Excerpted records:
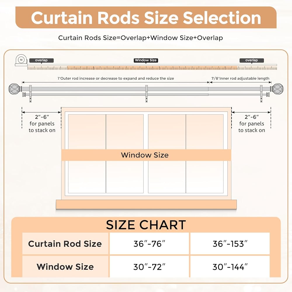 [DOUBLE CURTAIN ROD SIZE SELECTION]: The Wolistsa curtain rod double features a single side telescoping sliding construction, maximum extension length of 75.5 to 153 inches(7.6 to 12.75 feet), applicable window lengths from 69.5 to 149 inches(5.8 to 12.4 feet). This double window rod package includes 18 fixed rods, 2 adjustable telescopic rod, 4 netted texture finials, 3 brackets, 7 anchors, 7 screws
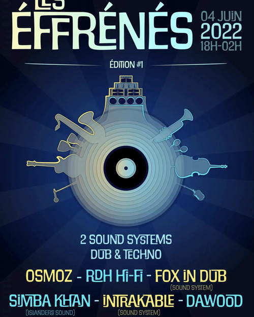 La soirée sera tournée vers la culture Dub et la Techno. Vous et vos oreilles profiterez d’une nuit 100% Sound System, où vous serez invités à nous montrer vos meilleurs pas de danse. La soirée sera animée par les superbes Collectif Osmoz, Rdh Hi-Fi, Fox In Dub Sound System, Dawood, Simba Khan et Intrakable Sound System !
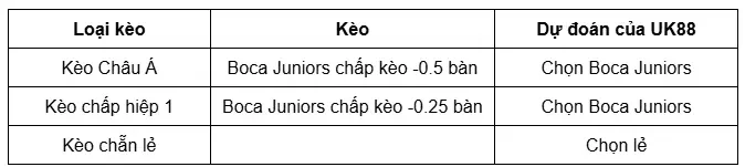 Tỷ lệ kèo hiệp 1: Boca Juniors chấp kèo -0.5 bàn. Lựa chọn: Boca Juniors.
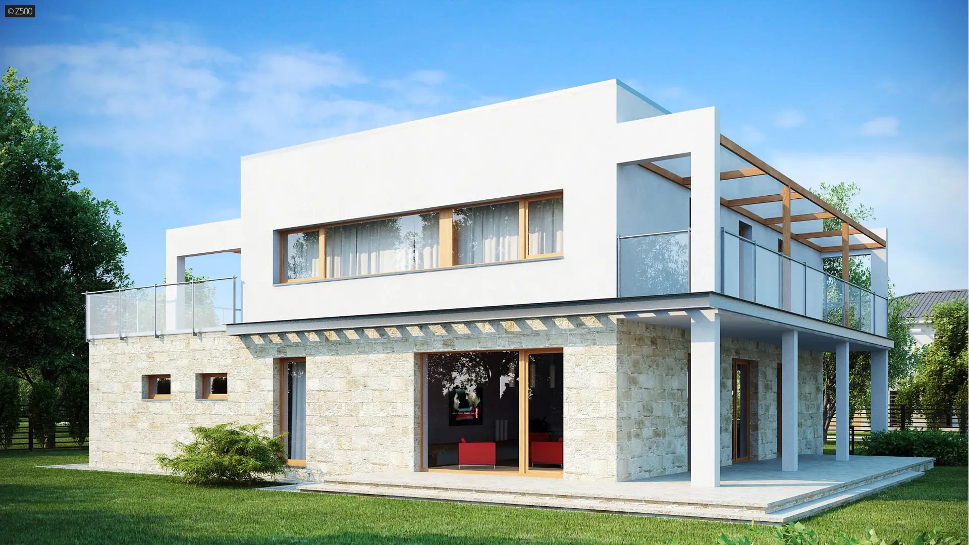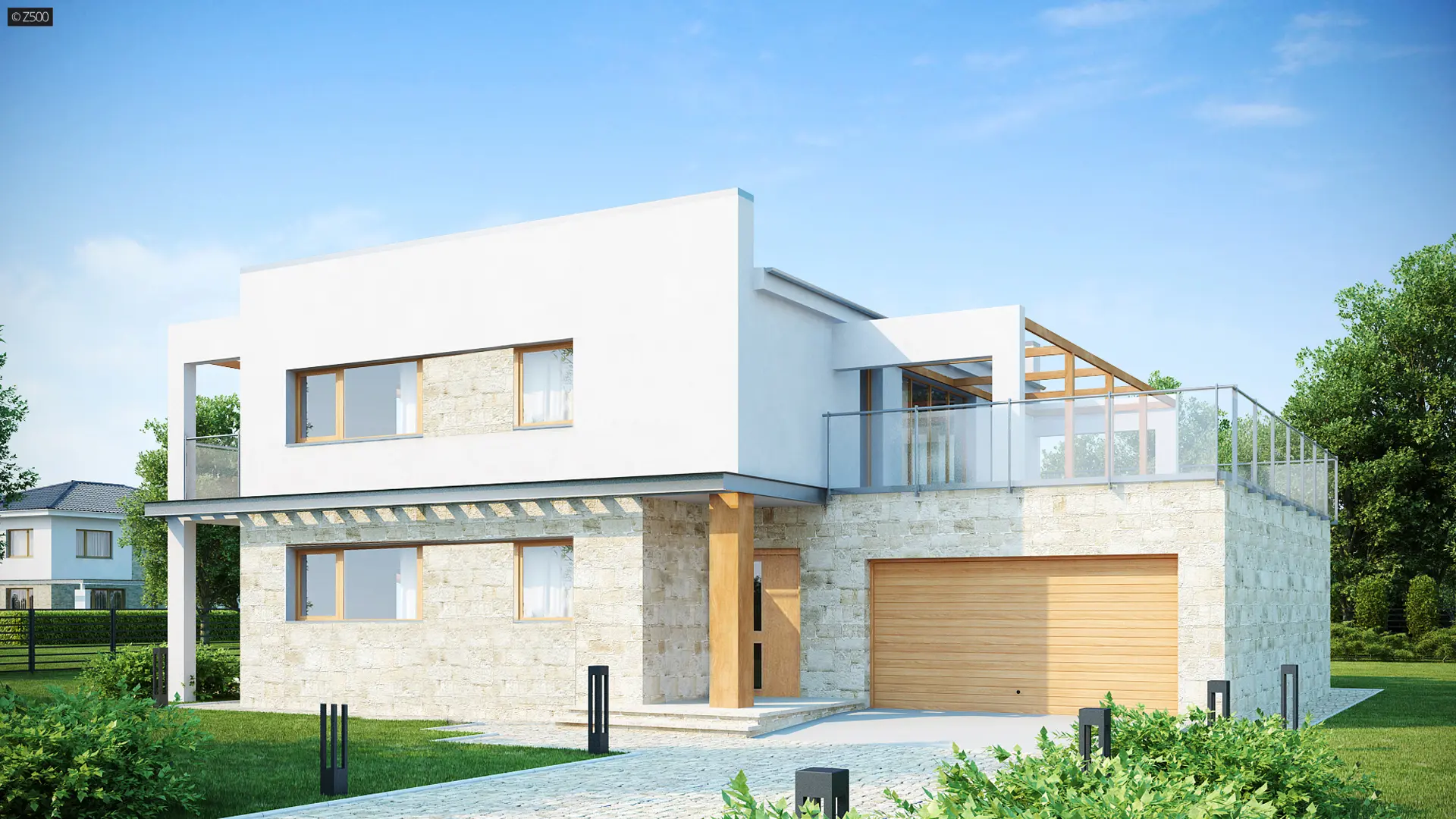 Zx5 2M to nowoczesny dom wolnostojący z dwoma odrębnymi mieszkaniami.
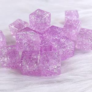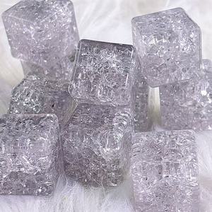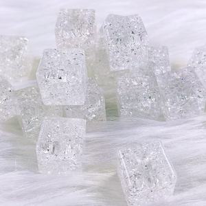18mm爆花水晶仿真平面冰块方块DIY手工饰品配件材料彩色爆花冰裂

Try it: Hand back the data above exactly, with no images.

Task response:
 [DOUBLE CURTAIN ROD SIZE SELECTION]: The Wolistsa curtain rod double features a single side telescoping sliding construction, maximum extension length of 75.5 to 153 inches(7.6 to 12.75 feet), applicable window lengths from 69.5 to 149 inches(5.8 to 12.4 feet). This double window rod package includes 18 fixed rods, 2 adjustable telescopic rod, 4 netted texture finials, 3 brackets, 7 anchors, 7 screws
 La soirée sera tournée vers la culture Dub et la Techno. Vous et vos oreilles profiterez d’une nuit 100% Sound System, où vous serez invités à nous montrer vos meilleurs pas de danse. La soirée sera animée par les superbes Collectif Osmoz, Rdh Hi-Fi, Fox In Dub Sound System, Dawood, Simba Khan et Intrakable Sound System !
 Tỷ lệ kèo hiệp 1: Boca Juniors chấp kèo -0.5 bàn. Lựa chọn: Boca Juniors.
 Zx5 2M to nowoczesny dom wolnostojący z dwoma odrębnymi mieszkaniami.
18mm爆花水晶仿真平面冰块方块DIY手工饰品配件材料彩色爆花冰裂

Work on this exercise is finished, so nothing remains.